However disappointing this may be, the fit observed in Figure 1 is nonetheless interesting, because it suggests that the part of the frequency distribution that reflects deeper human history is reasonably well approximated by a constant population size model. Because it is unlikely that ancient hominids lived in a single random-mating population, this finding is likely to reflect the remarkable robustness of the standard population genetics model to deviations from its assumptions (Nordborg 2001).

Average LD

The results in Figure 1 suggest that a simple population genetics model may fit the data. The simplest model for DNA sequence polymorphism is the infinite-sites mutation/recombination model (e.g., Nordborg 2001). The model has two parameters: the per-site mutation rate, θ, and the per-site recombination rate, ρ. Recombination is assumed to occur just like mutation: uniformly over the chromosome, and with low probability per site per generation. Available data are consistent with both assumptions: The relationship between physical and genetic distance appears to be roughly constant across the chromosome, and the total length is 55 cM or 34 Mb, leading to a per-site per-generation probability of recombination of r = 55/100/34 = 1.6 × 10^-8 (Hattori et al. 2000). The per-site per-generation mutation probability, u, can be estimated using the amount of sequence divergence between species, and is typically found to be of order 10^-9 in mammals (Li 1997). Both rates are scaled using a scaling constant often known as the “effective population size”, N_e, so that θ = 4N_eu and ρ = 4N_er (e.g., Nordborg 2001).

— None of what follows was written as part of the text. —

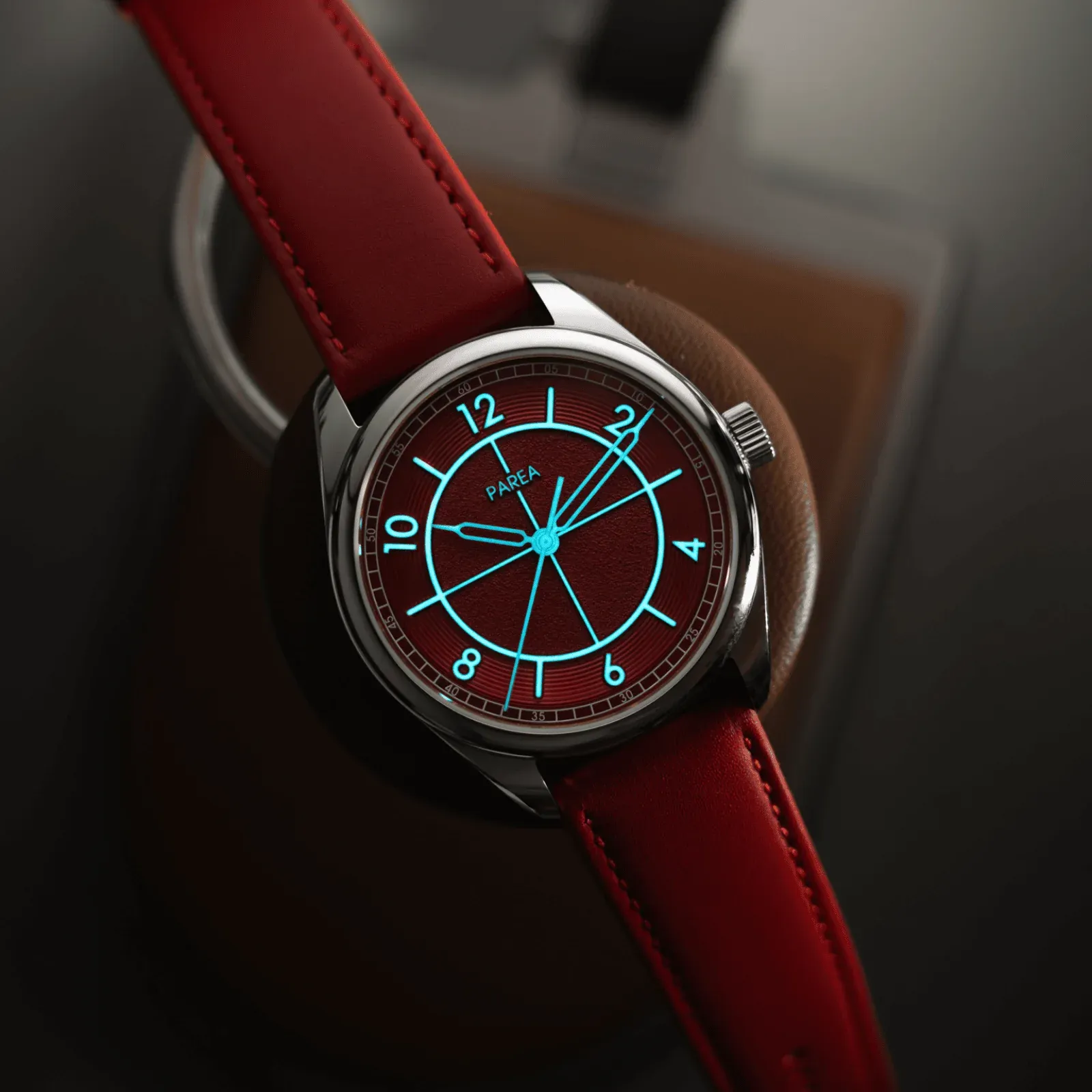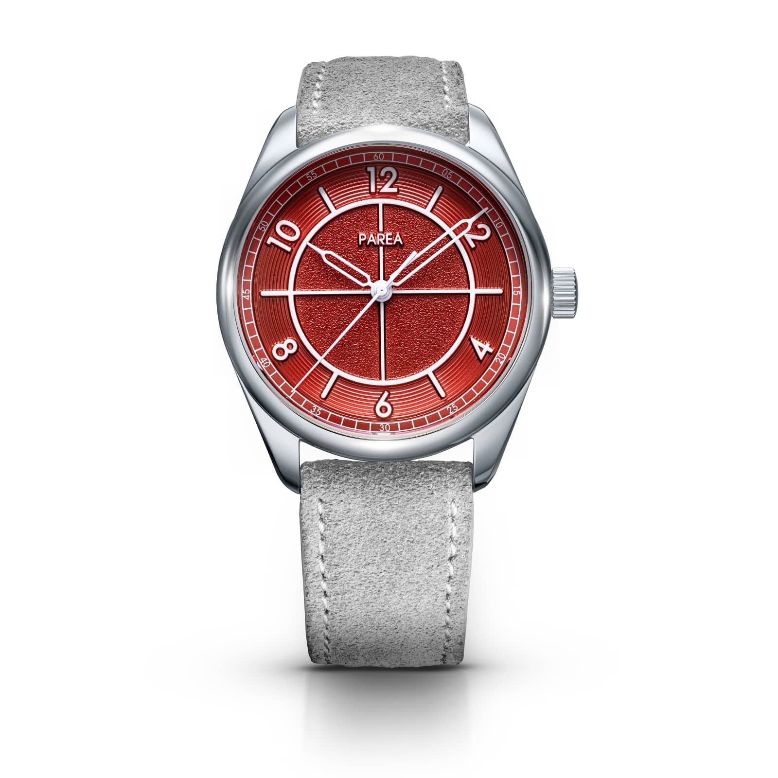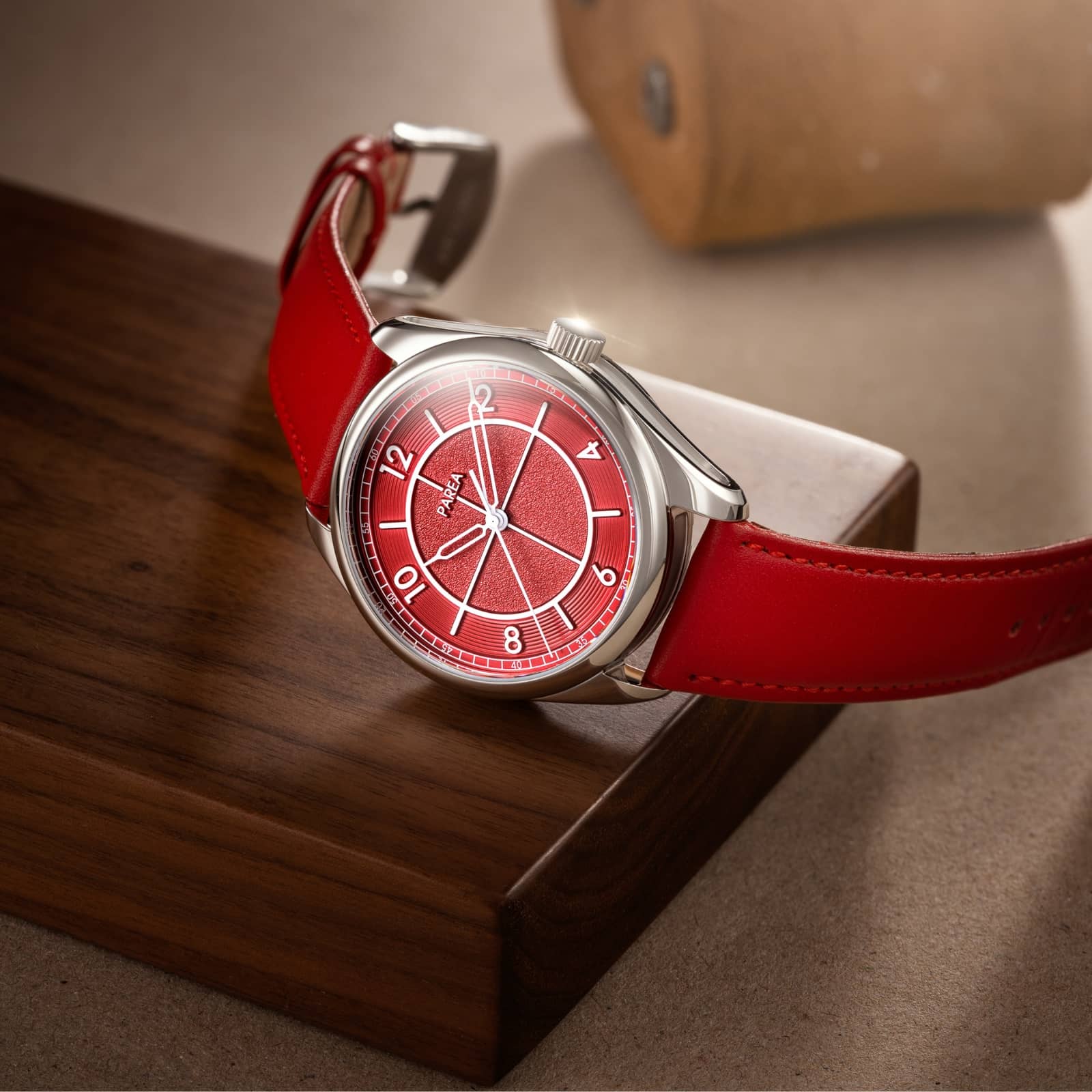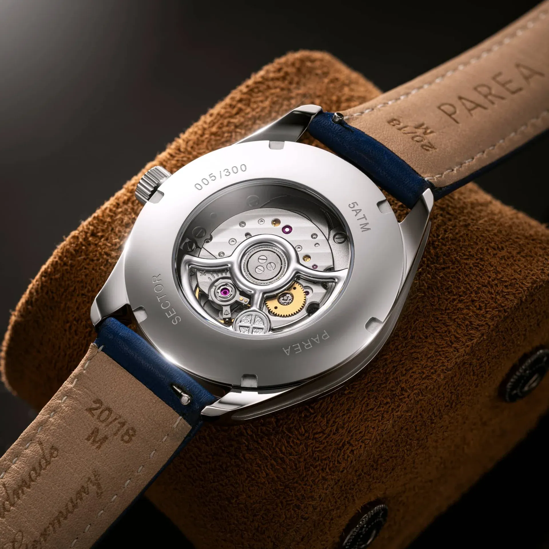 The Parea Sector features a refined 39mm case with a unique combination of mirror-polished and sandblasted finishes. With elegantly curved lugs and a total thickness of 10.6mm (including the crystal), it offers a slim, balanced profile on the wrist. Inside, it’s powered by the reliable Miyota 9039 automatic movement,
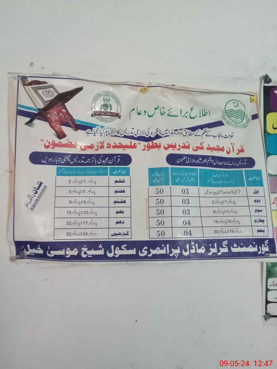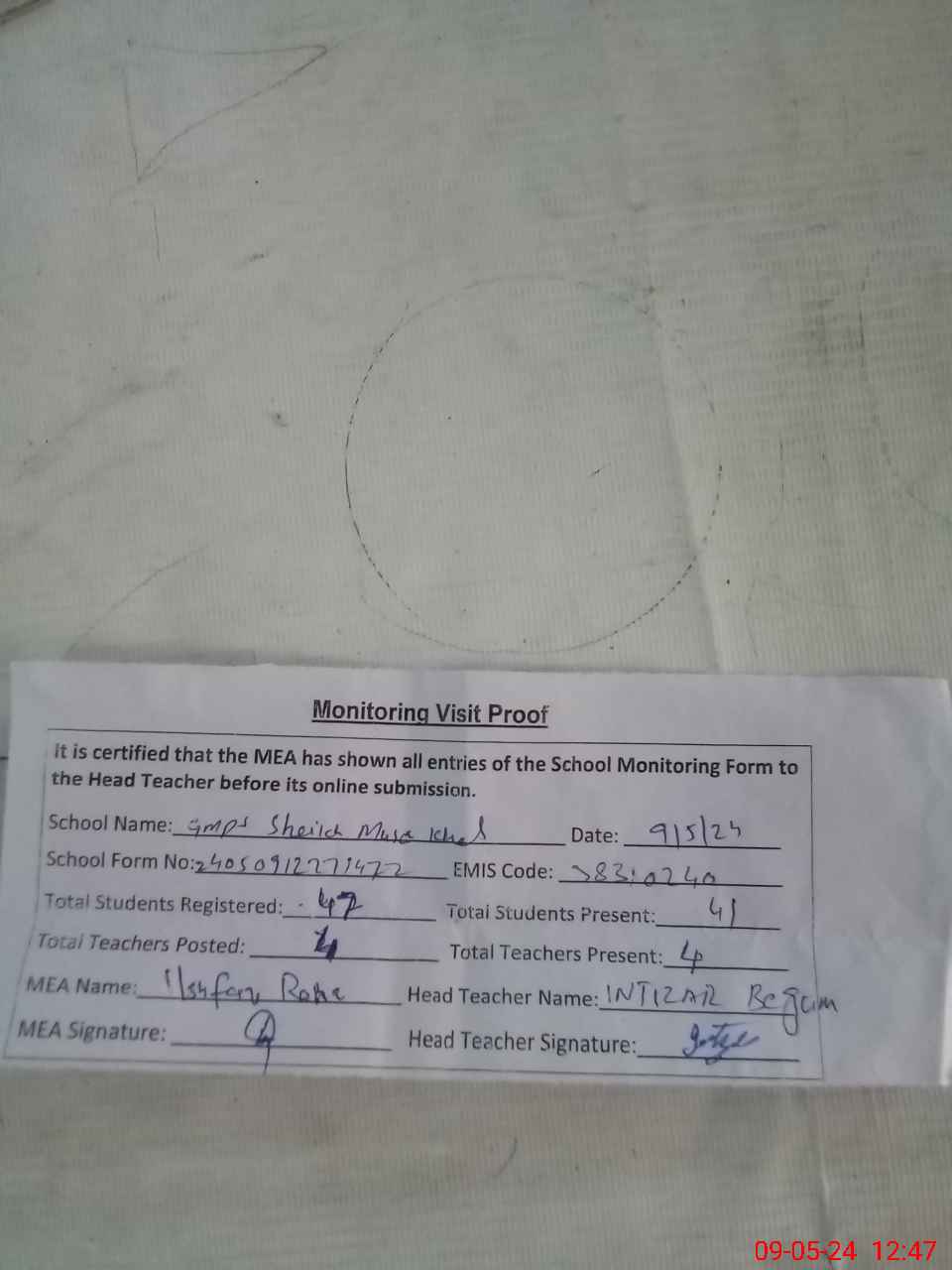 | EMIS Code: 38310240 | Name of School: GMPS SHEIKH MUSA KHEL | |||

It should be noted that it is not necessary for θ and ρ to be constant over the genome for the model to be a good approximation: It suffices that their averages over windows long enough to have been subject to mutation or recombination are constant. For example, it is completely unreasonable to assume that the selectively neutral mutation rate is the same for all sites; however, two human sequences differ by less than one mutation every kb, and it makes considerably more sense to assume that the rate is constant over windows of a few kb. We will discuss the spatial pattern in detail later; here we focus on average properties over large windows.

θ can readily be estimated using summaries of variation data, such as the number of segregating sites (Watterson 1975) or the nucleotide diversity (Tajima 1983). Patil et al. (2001) estimated that θ = 0.0007–0.0008 (depending on the estimator used), in agreement with other studies. This is expected given that θ can be reasonably well estimated even with smaller data sets. It is much more difficult to estimate ρ using data from single regions (Przeworski et al. 2000; Wall 2000). Given the size of the present data set, we used a very simple approach based on the rate of decay of LD. Pairwise LD is expected to decay as a function of distance at a rate that is determined by ρ, but the variance is enormous, making it very difficult to estimate ρ this way (Chakravarti et al. 1986; Weir and Hill 1986; Pritchard and Przeworski 2001; Nordborg and Tavaré 2002). However, because the present data set is so large, the method works here. Figure 2 shows the decay of average D′ (a measure of LD; Lewontin 1964) as a function of distance. Curve-fitting of the theoretical distribution indicates that ρ = 0.00042. This value is in agreement with previous estimates (Przeworski et al. 2000; Pritchard and Przeworski 2001).

Figure 2.

Average pairwise LD as a function of distance between loci. Distances have been binned, and each point represents the average of a very large number of nonindependent comparisons.

Note that θ/ρ = u/r under the infinite sites model. If θ and ρ are similar in magnitude (as the present data indicate), then so must u and r. Because r ≈ 10^-8 (see above), so must u. This is somewhat higher than estimates from phylogenetic methods (Li 1997). We also note that these estimates imply N_e ≈ 6600, which is somewhat lower (about twofold) than previous estimates (Przeworski et al. 2000). A plausible explanation for this is that LD is inflated by admixture in the sample used by Patil et al. (2001).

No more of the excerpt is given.